Mr Prestcott smiled. “We English settlers here,” he said, “understand all about that. This annexation of the Transvaal, though they were glad enough of it at the time, when their country was in the greatest danger of invasion, to which they could have offered no resistance, is not at all to their mind now. I hear they are trying to induce the new governor to get it rescinded; and if they are rebuffed, as probably they will be, they will get more and more discontented. But it has occurred to me, since speaking to Mr Vander Heyden, that there is an opportunity for him to travel in safety as far as Heidelberg, at all events. There are a number of waggons containing Government stores on their way to the town which are resting for the night a few miles from this. I have no doubt he might obtain leave to travel in their company. There is a military escort, which of course would make the journey quite secure. I have some acquaintance with Lieutenant Evetts, and would give Mr Vander Heyden an introduction to him, if he would condescend to make the acquaintance of a British officer.”

“Lieutenant Evetts,” repeated Rivers. “What, of the Mounted Volunteers, do you mean, who was present at the attack at Rorke’s Drift?”

“Yes, the same, only he now holds a commission in the Natal Mounted Police.”

“There is no need of any introduction to him,” said George, – “not for me, at all events. We knew one another for some weeks, before the advance into Zululand. And even if we had had no previous introduction, that night at Rorke’s Drift would have been introduction enough.”

“Were you there, Mr Rivers?” asked Prestcott eagerly. “And do I understand you that Mr Vander Heyden was there too?”
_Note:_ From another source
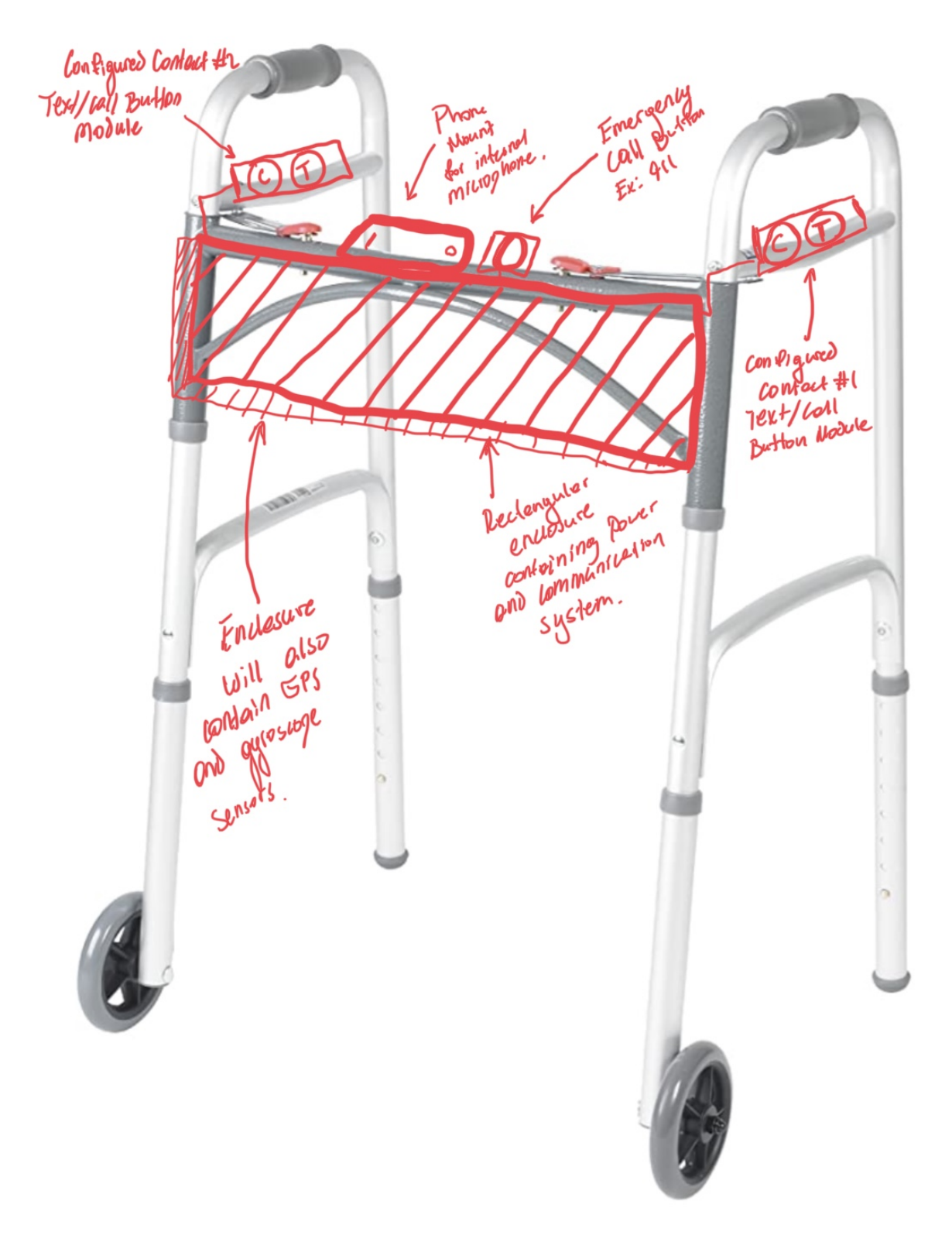
Figure 1: Bluetooth Enabled eWalker Visual

“Yes, he and I and Evetts were all three there, and saved each other’s lives at least half a dozen times during those nine or ten hours of fighting.”

“I am glad to have had you under my roof, Mr Rivers, and I must forgive Mr Vander Heyden his dislike to the English. No, sir, no introduction to Lieutenant Evetts can be required. I should as soon think of introducing one twin brother to another.”

“I say, Hardy,” said George, as they went off to bed, “that was a pretty good one about the cobra in the hollow tree, wasn’t it?”

“I wasn’t going to be beaten by him,” answered Hardy; “though his wasn’t a bad one about the lion, I must admit that.”